I actually want to reach that point when, on April 15 of each year, I gladly settle up with my government, giving my fair share, proportionate to my successes, so that opportunities may continue to exist for my family and others, for generations to come.
JUSTIN M. KOLENC
St. Mary’s physicians work closely with law enforcement
It was with disappointment that I and my colleagues in the St. Mary’s Emergency Department read the March 24 article regarding a physician not signing an SBI (serious bodily injury) form. Reality is quite different than that which was portrayed in the article, as we work very cooperatively with law enforcement and our judicial colleagues.
In summary, a Grand Junction police officer asked someone who was not the treating physician for an assault victim to sign the SBI form. That physician appropriately declined to sign the form, as it would be inappropriate, and perhaps even a violation of federal privacy law (HIPPA), for a non-treating physician to sign this legal form.
We, in the St. Mary’s ED, always sign these forms when we determine that an injury qualifies as “serious bodily injury.” These forms are signed by the treating emergency department physician, either on-shift or in the days following an assault case. Indeed, the treating physician in this case did sign the SBI form in the days following the patient visit. And we’re frequently subpoenaed to provide our professional opinion about such cases for the district attorney and other entities.
As physicians in the ED, we evaluate and treat every person who comes, or is brought to us, regardless of any factor, including the ability to pay. We see every illness or traumatic event that can happen to the human body, and too frequently we see the victims of various kinds of assault, as well as the perpetrators of those assaults. We do this 24/7, every day, all year.
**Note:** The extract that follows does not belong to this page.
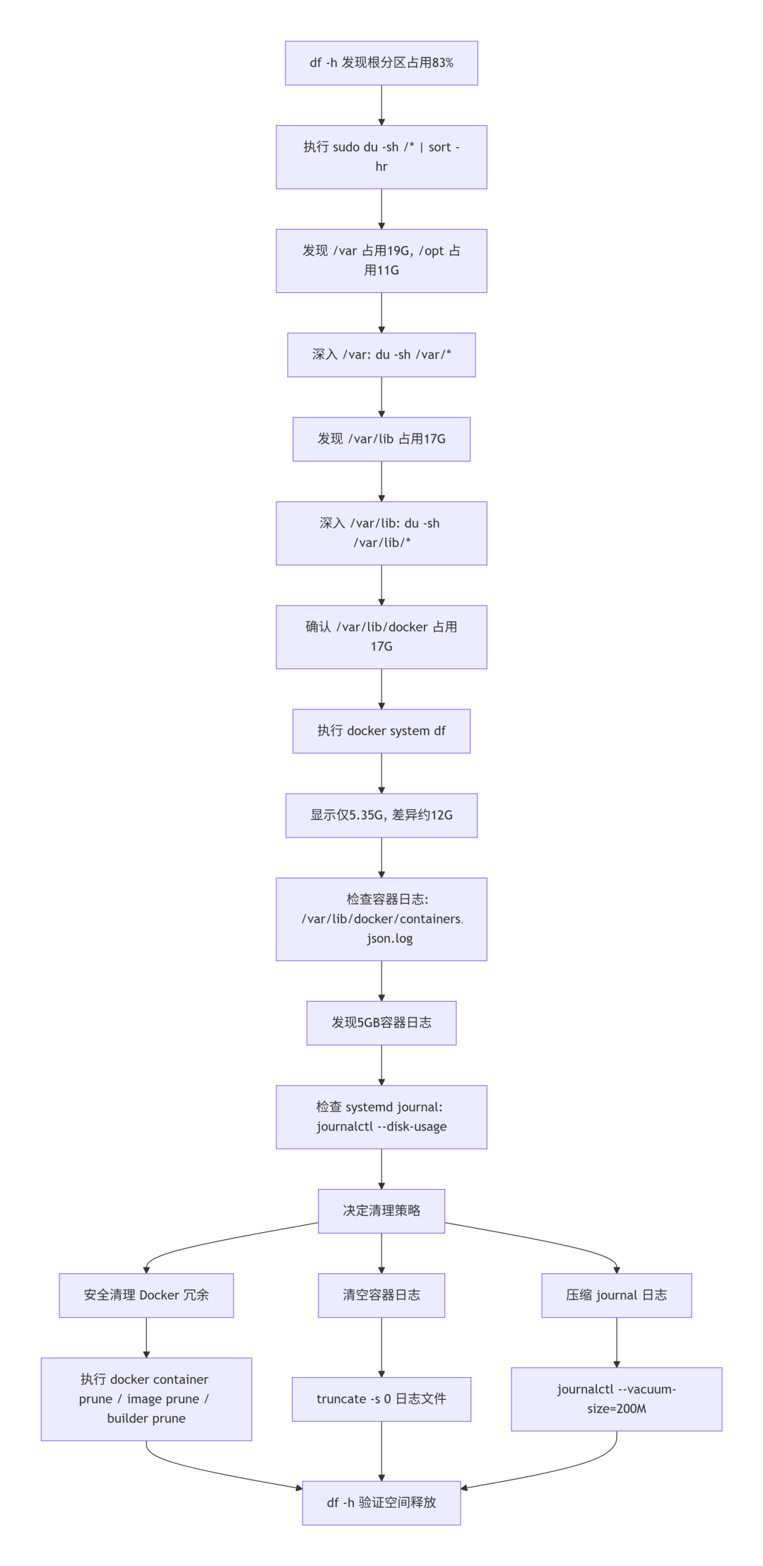 /var/lib/docker 与 docker system df 相差不大),可跳过 docker image prune -a 和 docker builder prune -a。journalctl --vacuum。/tmp 清理可根据需求调整保留时间。

We greatly appreciate the support of St. Mary’s Hospital and our specialist and primary care consultants, and the security staff who keep us, staff and patients safe. We work very closely with local EMS, Grand Junction Police Department, Mesa County Sheriff’s Office, Colorado State Patrol and Colorado West Detox and Psychiatric facilities, among many other entities. And we nearly always enjoy the greatest professional respect and cooperation from our colleagues in these fields.
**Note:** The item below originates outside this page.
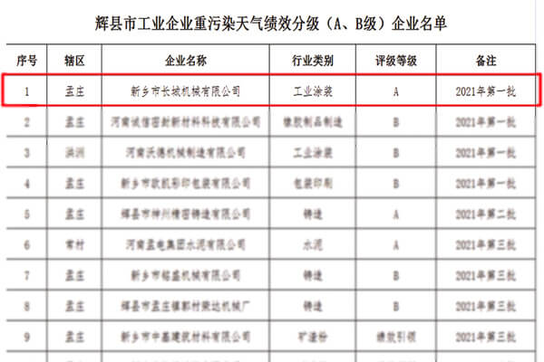9月,新鄉(xiāng)市長城機(jī)械有限公司順利通過第一批省環(huán)保廳A級企業(yè)績效評定。

We have been, and will continue to be, a resource to our law enforcement and legal colleagues. We respectfully ask that an unjust and incorrect picture not be painted of our group that does so much to serve our community.
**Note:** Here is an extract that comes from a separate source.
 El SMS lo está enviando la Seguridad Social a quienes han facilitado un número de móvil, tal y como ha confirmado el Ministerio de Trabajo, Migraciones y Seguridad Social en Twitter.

Colorado West Emergency Physicians
City and county should continue CMU partnership
In reading The Daily Sentinel editorial, “A partnership about prosperity, knowledge,” I realized my head was nodding in agreement. Having been involved in a number of economic development projects over the years, I can say that our community is blessed to have such a vibrant and growing economic engine in the form of Colorado Mesa University in the heart of Grand Junction.
It is worth noting that all of the recent growth at CMU would not have been possible without the strong support of the city of Grand Junction and Mesa County. Our elected leaders in the Grand Valley rightfully deserve a bunch of credit for their vision and willingness to invest in CMU. Without city and county support in recent years, we likely would have a sleepy commuter college at 12th and North instead of a robust, growing university.
As funding from the state of Colorado continues to dry up for higher education, it is incumbent upon all of us to think creatively about how to keep CMU thriving in challenging times. It is my hope that the city of Grand Junction and its partners at the county will seriously consider “doubling down” on their investments in our economy and our kids by helping CMU build a new classroom building.
It really is about economic development for our community.